Activity |
Pictures in the listing below are skipped, while the lines from the "En 63 fiches, l'essentiel" line through the "Each pair is" line are returned word for word.

Input material START

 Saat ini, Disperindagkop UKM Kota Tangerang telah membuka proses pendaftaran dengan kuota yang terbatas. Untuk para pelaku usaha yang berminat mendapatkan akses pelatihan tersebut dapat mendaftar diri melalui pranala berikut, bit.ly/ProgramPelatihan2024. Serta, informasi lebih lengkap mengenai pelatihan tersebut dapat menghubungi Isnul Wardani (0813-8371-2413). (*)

Input material END
Input material START

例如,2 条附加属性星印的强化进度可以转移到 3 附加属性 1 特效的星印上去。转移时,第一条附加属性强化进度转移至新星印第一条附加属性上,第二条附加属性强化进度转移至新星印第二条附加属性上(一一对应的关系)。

Input material END
Input material START

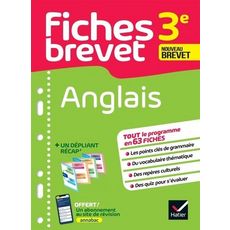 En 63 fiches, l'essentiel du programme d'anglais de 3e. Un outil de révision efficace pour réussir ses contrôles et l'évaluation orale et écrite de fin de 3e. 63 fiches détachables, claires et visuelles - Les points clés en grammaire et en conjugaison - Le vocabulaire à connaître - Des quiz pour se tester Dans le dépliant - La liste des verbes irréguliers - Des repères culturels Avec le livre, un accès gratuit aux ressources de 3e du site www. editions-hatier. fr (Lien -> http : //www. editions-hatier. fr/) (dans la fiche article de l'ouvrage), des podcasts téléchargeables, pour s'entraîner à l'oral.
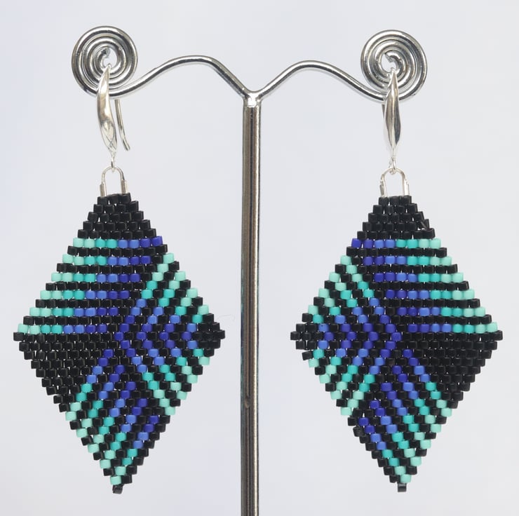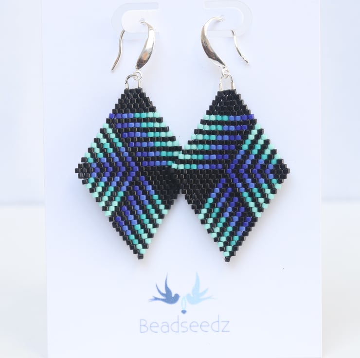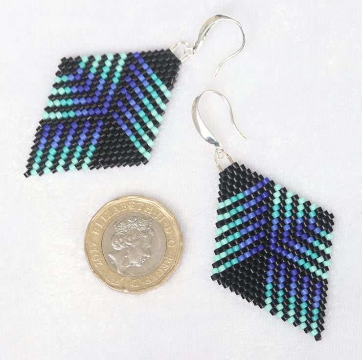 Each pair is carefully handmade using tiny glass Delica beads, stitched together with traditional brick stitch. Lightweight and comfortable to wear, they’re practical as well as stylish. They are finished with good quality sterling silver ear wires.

Input material END

The completed task |
 En 63 fiches, l'essentiel du programme d'anglais de 3e. Un outil de révision efficace pour réussir ses contrôles et l'évaluation orale et écrite de fin de 3e. 63 fiches détachables, claires et visuelles - Les points clés en grammaire et en conjugaison - Le vocabulaire à connaître - Des quiz pour se tester Dans le dépliant - La liste des verbes irréguliers - Des repères culturels Avec le livre, un accès gratuit aux ressources de 3e du site www. editions-hatier. fr (Lien -> http : //www. editions-hatier. fr/) (dans la fiche article de l'ouvrage), des podcasts téléchargeables, pour s'entraîner à l'oral.
 Each pair is carefully handmade using tiny glass Delica beads, stitched together with traditional brick stitch. Lightweight and comfortable to wear, they’re practical as well as stylish. They are finished with good quality sterling silver ear wires.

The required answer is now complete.